--- START ---

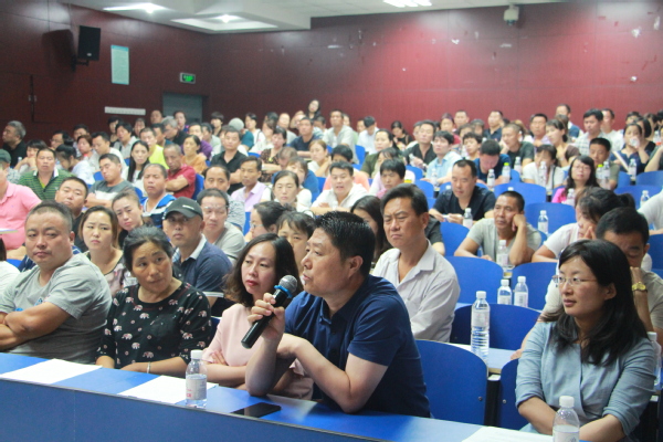 会议伊始,18级新生辅导员赵振华向各位家长表示欢迎并依次介绍了出席本次会议的各位领导。随后王学栋经理发表讲话,向新生家长们介绍公司和公司的发展历史、办学条件以及教学改革和教学水平等,使家长对公司、公司的发展有了进一步的了解。随后,公司资助中心副主任吕晶晶老师给家长们细心讲解了老员工资助的相关政策,使家长对公司“不让任何一个老员工因为贫穷失学”的资助政策有了更深入的了解。在家长提问环节,有员工家长对宿舍安全等问题表示关切,文公司18级辅导员赵振华表示会与相关部门持续沟通并通过自己的亲身经历告诫家长们要对新生日常生活放手放心,培养新生们的独立生活能力。家长们在员工大学期间的作用不可忽视,新生辅导员赵振华希望家长们与员工们多沟通多交流,时刻关注多关注孩子们的成长发展,与公司一起努力,培养优秀人才。此外赵振华还与家长们在学业及就业规划、预防诈骗、人际关系交往、公司规章制度、言行举止等方面进行了交流。
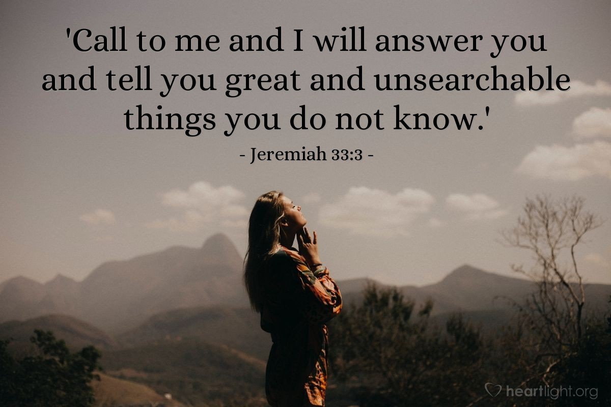 “Call to me and I will answer you and tell you great and unsearchable things you do not know.” – Jeremiah 33:3
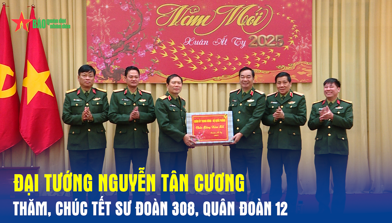 Chiều 22-1, đoàn công tác Quân ủy Trung ương, Bộ Quốc phòng do Đại tướng Nguyễn Tân Cương, Ủy viên Trung ương Đảng, Ủy viên Thường vụ Quân ủy Trung ương, Tổng Tham mưu trưởng Quân đội nhân dân Việt Nam, Thứ trưởng Bộ Quốc phòng làm Trưởng đoàn đã đến thăm, chúc Tết cán bộ, chiến sĩ Sư đoàn 308, Quân đoàn 12.
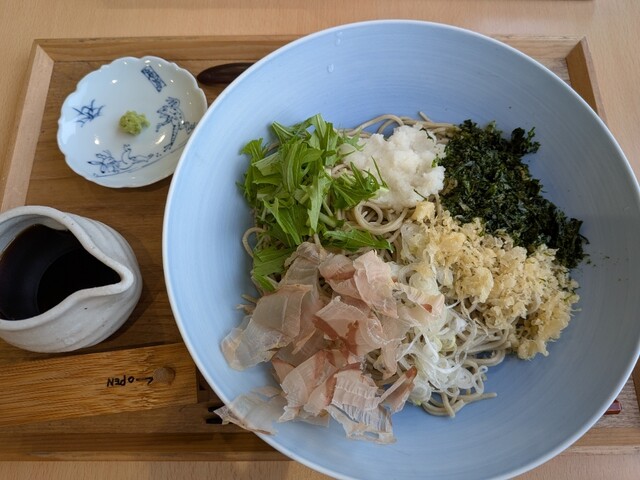 지금까지 관광객에게 그다지 알려지지 않은 가루이자와의 소바 가게라서 첫 방문했습니다. 가게는 주택가에 위치해 있어 다소 갑작스러운 느낌이었습니다. 간판 메뉴인 이팔 소바와 제철 채...
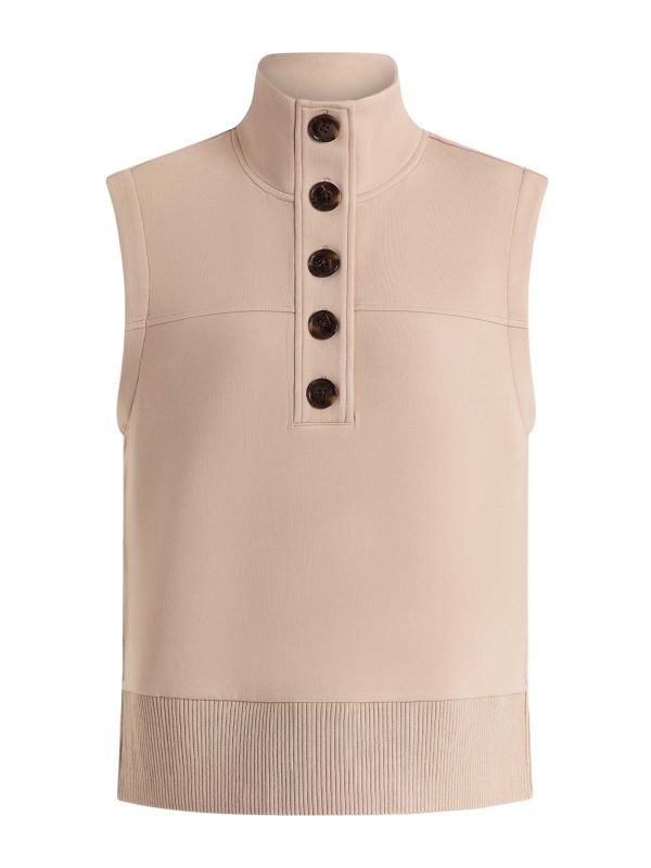 The Varley Conall Button Tank is a sleeveless top with a sculptural funnel neck and a five-button front placket. It features a stitched yoke, wide ribbed hem and side splits that sit neatly over Pants. The relaxed, boxy silhouette layers under blazers or over lightweight shirts for transitional dressing. Large tortoiseshell-effect buttons add tactile contrast while the structured fabrication keeps the shape. Style it with tailored Pants or relaxed denim for a considered, modern outfit.
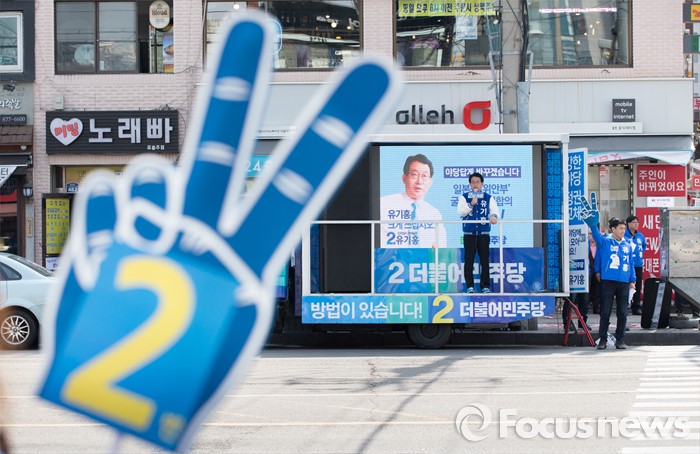 (서울=포커스뉴스) 5일 오후 서울 관악구 서울대입구역 인근에서 유기홍 더불어민주당 관악구갑 후보가 선거유세를 하고 있다.
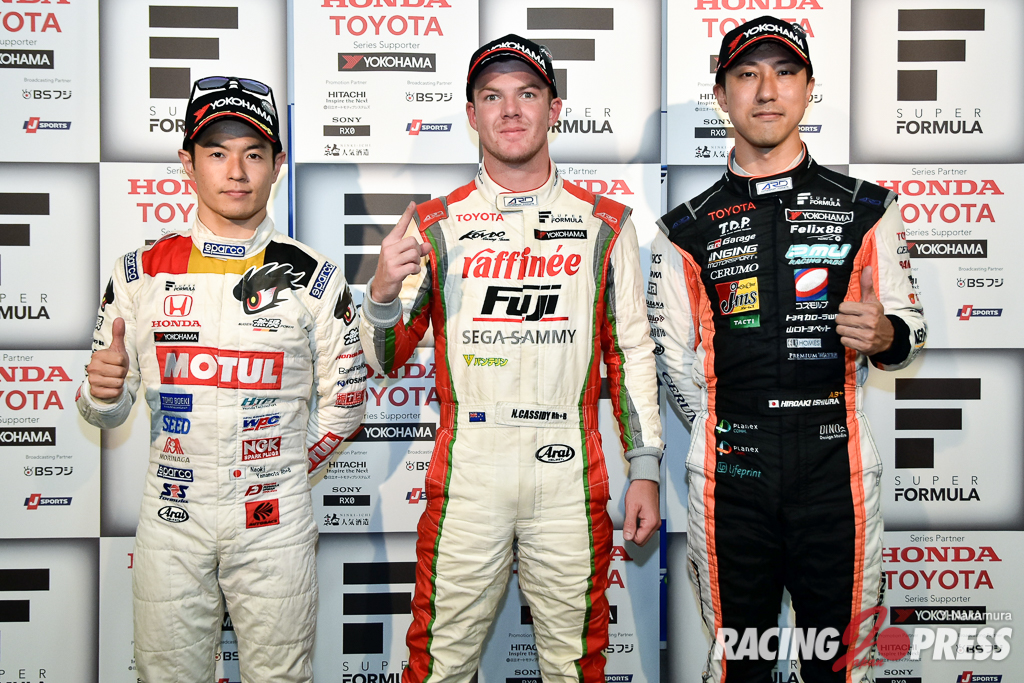 - 左から、予選2番手 #16 山本 尚貴 [TEAM MUGEN SF14] ポールポジション #3 ニック・キャシディ [ORIENTALBIO KONDO SF14] 予選3番手 #1 石浦 宏明 [JMS P.MU/CERUMO・INGING SF14]
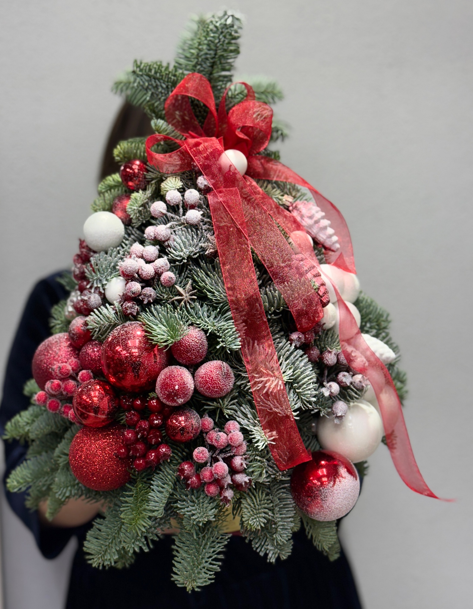 Новогодняя композиция из живого нобилиса ручной работы, декорированная в ярко-красных и белых оттенках, 55-60 см
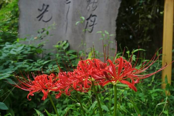 俳句の石碑の陰に赤いものが見えたので、近づいたら彼岸花だった。
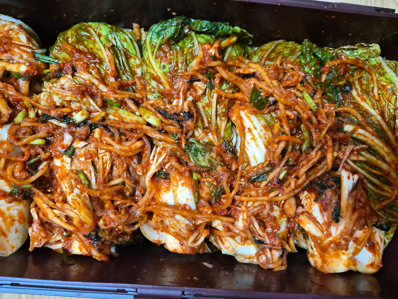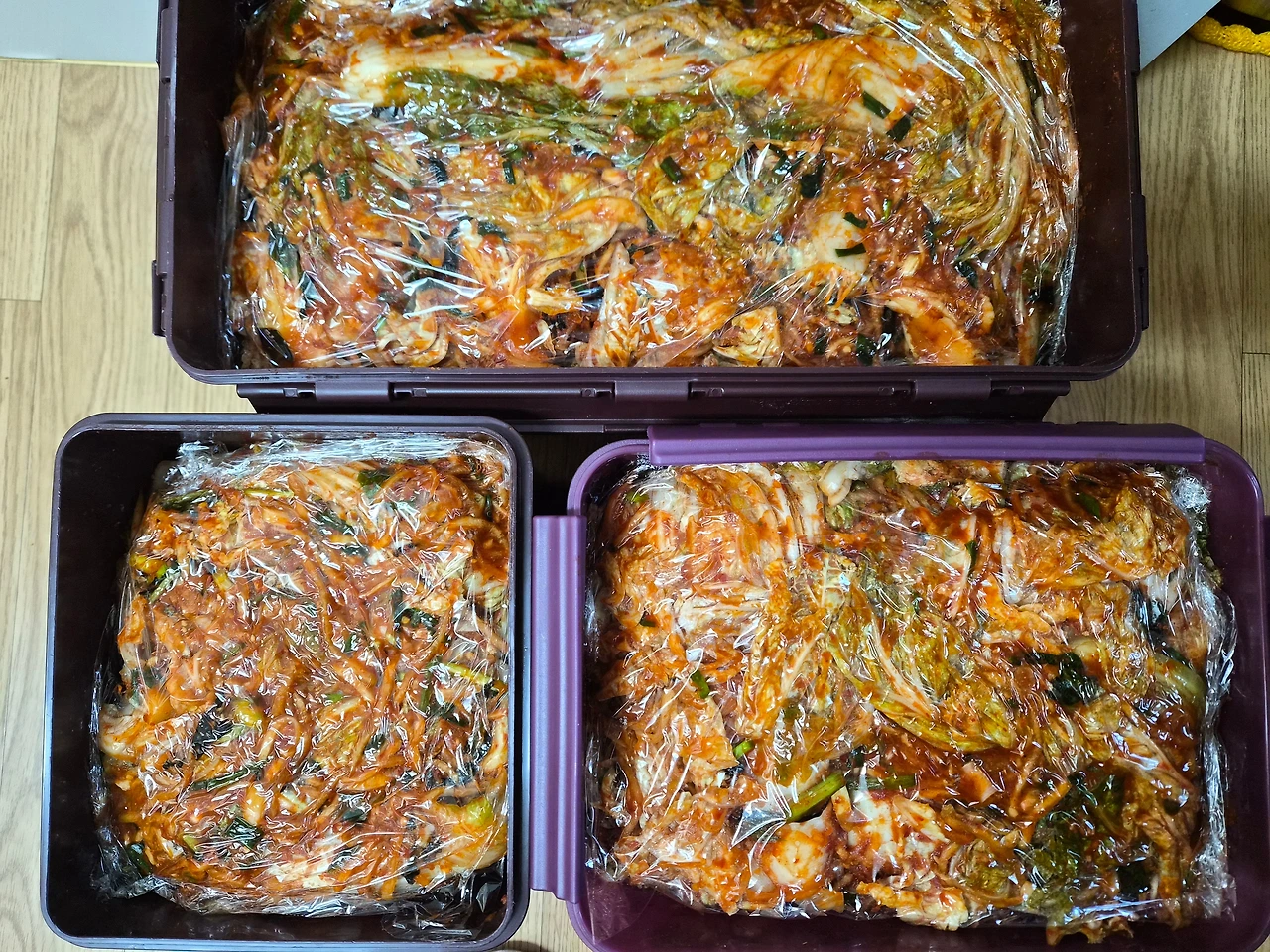 드디어 미리 주문했던 절임 배추 20킬로가 도착했다. 작년처럼 40킬로를 하려고 했지만, 옆에서 거들어 주는 것도 힘들었는지 극구 반대했다. 할 수 없이 양보하여 20킬로를 주문하는 대신에 9포기를 미리 사다 담근 것이다. 배송된 배추를 헹구어 물을 뺀 뒤 정성껏 속을 채웠다. 드디어 2025년 김장인지 김치인지 끝.

--- END ---

* **How to complete this task**:
What should be set down is every line from the opening of the records through the line that contains "(서울=포커스뉴스) 5일 오후", exactly, with pictures left out.

* **Result of this task**:
 会议伊始,18级新生辅导员赵振华向各位家长表示欢迎并依次介绍了出席本次会议的各位领导。随后王学栋经理发表讲话,向新生家长们介绍公司和公司的发展历史、办学条件以及教学改革和教学水平等,使家长对公司、公司的发展有了进一步的了解。随后,公司资助中心副主任吕晶晶老师给家长们细心讲解了老员工资助的相关政策,使家长对公司“不让任何一个老员工因为贫穷失学”的资助政策有了更深入的了解。在家长提问环节,有员工家长对宿舍安全等问题表示关切,文公司18级辅导员赵振华表示会与相关部门持续沟通并通过自己的亲身经历告诫家长们要对新生日常生活放手放心,培养新生们的独立生活能力。家长们在员工大学期间的作用不可忽视,新生辅导员赵振华希望家长们与员工们多沟通多交流,时刻关注多关注孩子们的成长发展,与公司一起努力,培养优秀人才。此外赵振华还与家长们在学业及就业规划、预防诈骗、人际关系交往、公司规章制度、言行举止等方面进行了交流。
 “Call to me and I will answer you and tell you great and unsearchable things you do not know.” – Jeremiah 33:3
 Chiều 22-1, đoàn công tác Quân ủy Trung ương, Bộ Quốc phòng do Đại tướng Nguyễn Tân Cương, Ủy viên Trung ương Đảng, Ủy viên Thường vụ Quân ủy Trung ương, Tổng Tham mưu trưởng Quân đội nhân dân Việt Nam, Thứ trưởng Bộ Quốc phòng làm Trưởng đoàn đã đến thăm, chúc Tết cán bộ, chiến sĩ Sư đoàn 308, Quân đoàn 12.
 지금까지 관광객에게 그다지 알려지지 않은 가루이자와의 소바 가게라서 첫 방문했습니다. 가게는 주택가에 위치해 있어 다소 갑작스러운 느낌이었습니다. 간판 메뉴인 이팔 소바와 제철 채...
 The Varley Conall Button Tank is a sleeveless top with a sculptural funnel neck and a five-button front placket. It features a stitched yoke, wide ribbed hem and side splits that sit neatly over Pants. The relaxed, boxy silhouette layers under blazers or over lightweight shirts for transitional dressing. Large tortoiseshell-effect buttons add tactile contrast while the structured fabrication keeps the shape. Style it with tailored Pants or relaxed denim for a considered, modern outfit.
 (서울=포커스뉴스) 5일 오후 서울 관악구 서울대입구역 인근에서 유기홍 더불어민주당 관악구갑 후보가 선거유세를 하고 있다.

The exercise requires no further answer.